BEGIN DATA PROVIDED

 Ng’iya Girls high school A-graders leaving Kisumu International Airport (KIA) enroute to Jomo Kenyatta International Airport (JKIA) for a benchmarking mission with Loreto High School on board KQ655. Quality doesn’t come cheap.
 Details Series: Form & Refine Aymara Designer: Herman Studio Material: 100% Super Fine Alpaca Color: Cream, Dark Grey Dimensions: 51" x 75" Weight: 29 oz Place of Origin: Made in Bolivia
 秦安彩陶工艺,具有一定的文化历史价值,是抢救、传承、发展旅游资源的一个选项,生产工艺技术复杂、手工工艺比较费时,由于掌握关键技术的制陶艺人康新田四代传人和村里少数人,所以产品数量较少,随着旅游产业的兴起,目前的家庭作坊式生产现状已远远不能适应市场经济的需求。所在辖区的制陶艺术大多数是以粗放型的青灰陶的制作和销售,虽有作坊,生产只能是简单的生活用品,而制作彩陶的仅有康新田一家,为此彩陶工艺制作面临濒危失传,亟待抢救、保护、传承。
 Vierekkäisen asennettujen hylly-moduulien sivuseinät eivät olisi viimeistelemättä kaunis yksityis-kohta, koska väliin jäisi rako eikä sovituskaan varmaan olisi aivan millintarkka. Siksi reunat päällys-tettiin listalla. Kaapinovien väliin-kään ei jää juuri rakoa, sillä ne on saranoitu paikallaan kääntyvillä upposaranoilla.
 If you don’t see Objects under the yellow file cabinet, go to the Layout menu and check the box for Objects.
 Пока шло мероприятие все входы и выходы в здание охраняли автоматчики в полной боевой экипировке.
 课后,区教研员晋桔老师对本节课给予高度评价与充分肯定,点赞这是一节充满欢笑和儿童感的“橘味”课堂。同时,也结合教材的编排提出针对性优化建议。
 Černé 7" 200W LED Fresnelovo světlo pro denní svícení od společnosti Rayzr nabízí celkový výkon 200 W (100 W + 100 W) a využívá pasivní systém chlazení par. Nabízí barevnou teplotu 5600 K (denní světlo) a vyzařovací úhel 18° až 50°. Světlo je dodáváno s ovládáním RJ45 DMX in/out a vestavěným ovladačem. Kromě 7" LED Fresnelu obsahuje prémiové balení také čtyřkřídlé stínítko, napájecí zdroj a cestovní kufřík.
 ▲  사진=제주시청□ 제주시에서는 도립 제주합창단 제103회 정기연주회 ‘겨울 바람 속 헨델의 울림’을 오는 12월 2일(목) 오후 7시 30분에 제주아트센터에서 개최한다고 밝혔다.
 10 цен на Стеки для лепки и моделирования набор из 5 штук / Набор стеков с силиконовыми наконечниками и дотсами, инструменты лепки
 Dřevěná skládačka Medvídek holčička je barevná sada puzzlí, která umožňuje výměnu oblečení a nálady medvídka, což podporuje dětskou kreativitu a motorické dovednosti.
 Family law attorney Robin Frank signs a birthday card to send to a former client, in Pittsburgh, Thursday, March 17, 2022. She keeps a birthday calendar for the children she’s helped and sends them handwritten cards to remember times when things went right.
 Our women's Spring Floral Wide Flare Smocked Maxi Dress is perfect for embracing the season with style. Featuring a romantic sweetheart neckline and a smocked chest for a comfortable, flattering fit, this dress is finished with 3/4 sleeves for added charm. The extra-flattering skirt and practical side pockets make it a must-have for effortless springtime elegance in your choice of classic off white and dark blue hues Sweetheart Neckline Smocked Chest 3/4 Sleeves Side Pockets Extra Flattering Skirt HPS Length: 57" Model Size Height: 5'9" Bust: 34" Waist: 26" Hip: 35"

END DATA PROVIDED

- TO DO
Could you reproduce exactly the lines of the entries above, from the one with "秦安彩陶工艺,具有一定的文化" through the one with "10 цен на Стеки", and nothing else?

- ANSWER FOR THE TASK
 秦安彩陶工艺,具有一定的文化历史价值,是抢救、传承、发展旅游资源的一个选项,生产工艺技术复杂、手工工艺比较费时,由于掌握关键技术的制陶艺人康新田四代传人和村里少数人,所以产品数量较少,随着旅游产业的兴起,目前的家庭作坊式生产现状已远远不能适应市场经济的需求。所在辖区的制陶艺术大多数是以粗放型的青灰陶的制作和销售,虽有作坊,生产只能是简单的生活用品,而制作彩陶的仅有康新田一家,为此彩陶工艺制作面临濒危失传,亟待抢救、保护、传承。
 Vierekkäisen asennettujen hylly-moduulien sivuseinät eivät olisi viimeistelemättä kaunis yksityis-kohta, koska väliin jäisi rako eikä sovituskaan varmaan olisi aivan millintarkka. Siksi reunat päällys-tettiin listalla. Kaapinovien väliin-kään ei jää juuri rakoa, sillä ne on saranoitu paikallaan kääntyvillä upposaranoilla.
 If you don’t see Objects under the yellow file cabinet, go to the Layout menu and check the box for Objects.
 Пока шло мероприятие все входы и выходы в здание охраняли автоматчики в полной боевой экипировке.
 课后,区教研员晋桔老师对本节课给予高度评价与充分肯定,点赞这是一节充满欢笑和儿童感的“橘味”课堂。同时,也结合教材的编排提出针对性优化建议。
 Černé 7" 200W LED Fresnelovo světlo pro denní svícení od společnosti Rayzr nabízí celkový výkon 200 W (100 W + 100 W) a využívá pasivní systém chlazení par. Nabízí barevnou teplotu 5600 K (denní světlo) a vyzařovací úhel 18° až 50°. Světlo je dodáváno s ovládáním RJ45 DMX in/out a vestavěným ovladačem. Kromě 7" LED Fresnelu obsahuje prémiové balení také čtyřkřídlé stínítko, napájecí zdroj a cestovní kufřík.
 ▲  사진=제주시청□ 제주시에서는 도립 제주합창단 제103회 정기연주회 ‘겨울 바람 속 헨델의 울림’을 오는 12월 2일(목) 오후 7시 30분에 제주아트센터에서 개최한다고 밝혔다.
 10 цен на Стеки для лепки и моделирования набор из 5 штук / Набор стеков с силиконовыми наконечниками и дотсами, инструменты лепки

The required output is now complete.